For the images of the learned graphs, you say that you just used one image per digit, but in the table at the top, you say you used 10 images/digit for training. Which one do you use when you evaluate? If you use 10 per digit, can you share what those graphs look like?
Based on your eval_stats file, it looks like the first episodes are correct, and then they become confused. In your table, you mention that your evaluation set also includes the training images. Do the rows with correct classifications correspond to the digit versions you trained on? In that case, it is a generalization issue that may be solved to some extent with higher tolerance parameters.
Although from looking at your configs the tolerances and max_match_distance already look quite high so it may be an issue that requires hierarchy to solve. Looking at the parameters brings up another point though. You currently set max_match_distance to 5, which is quite a lot given that your digit coordinates seem to be in a range of ~20. This may be why your experiments don’t converge (taking the full 2000 monty_steps and having “_mlh” in the result). Try setting that a bit lower.
Regarding the patch_off_object episodes, you can try several things to get the patch onto the digit if it initially starts off the digit. You could try to move it around randomly, in a scanning way, or intelligently onto the stroke by using the entire image. We implemented those options for a 3D world so you would probably have to write your own but you can have an idea by looking at: the touch_object function which rotates the camera around it’s own axis (two directions) to locate the object and then moves closer, and the find_location_to_look_at function which calculates a movement of the camera that will make it center on an area where the object exists.
Regarding @xavier’s concern, I don’t think it is an issue that the point normals all point in the same direction. In fact, this is what we would expect since it is just a 2D image. The important part is that they always point out of the image (not randomly in the opposite direction) and that we can use the curvature directions in a principled way. From what I can see in your implementation, you extract the principal curvature directions with Sobel filters, which looks like a good solution. Maybe one thing you could do is visualize the extracted curvature directions to make sure they look as expected.
Viviane

sknudstrup · May 27, 2025, 7:29pm

Hi skj, neat project! I’ll just say that the view initialization functions (like find_location_to_look_at) will require that your object is located in 3D space in a “reasonable” way. In short, it’s going to compute how much the sensor should pitch/yaw in order to land on a certain point in 3D space using basic trigonometry, so if the z-axis values in the observed patch are strange, then this function won’t work, and you’ll likely never end up with an on-object view if you started off-object.
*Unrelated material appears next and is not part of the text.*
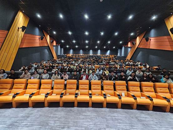 随着影厅灯光暗下,观影正式开始。影片中朱迪与尼克跨越物种差异再度携手,面对重重困难并肩作战、坚守正义的执着信念,不同族群打破偏见、相互支撑的温暖瞬间,深深打动了在场每一位师生。观影过程中,大家全神贯注、沉浸其中,时而为紧张剧情屏息凝神,时而为幽默片段会心一笑,时而为角色的坚守与担当热泪盈眶,轻松愉悦的氛围中,团结包容的种子也悄然生根发芽。

I don’t know how your agent and object/digit are initialized positionally, but I’d recommend you set it up so that the image is around 0.2 m from the agent. For image areas where there is a stroke, have it return a depth value around 0.2 m, and for non-stroke areas, have the depth be >= 1.0 m. I’m not sure if that’ll work for your setup without looking at the code, but from the pretrained models (which should be in world coordinates), the z-values look close to zero, so if those are the 3D coordinates observed during an episode, then the near-zero z-values could be problematic for find_location_to_look_at.

skj9865 · May 29, 2025, 1:05am

Hi,

I’ve run into a new issue during my experiments, and I think something might be fundamentally off.

Evidence not updating

As you can see in the screenshot above, no evidence updates are happening during inference.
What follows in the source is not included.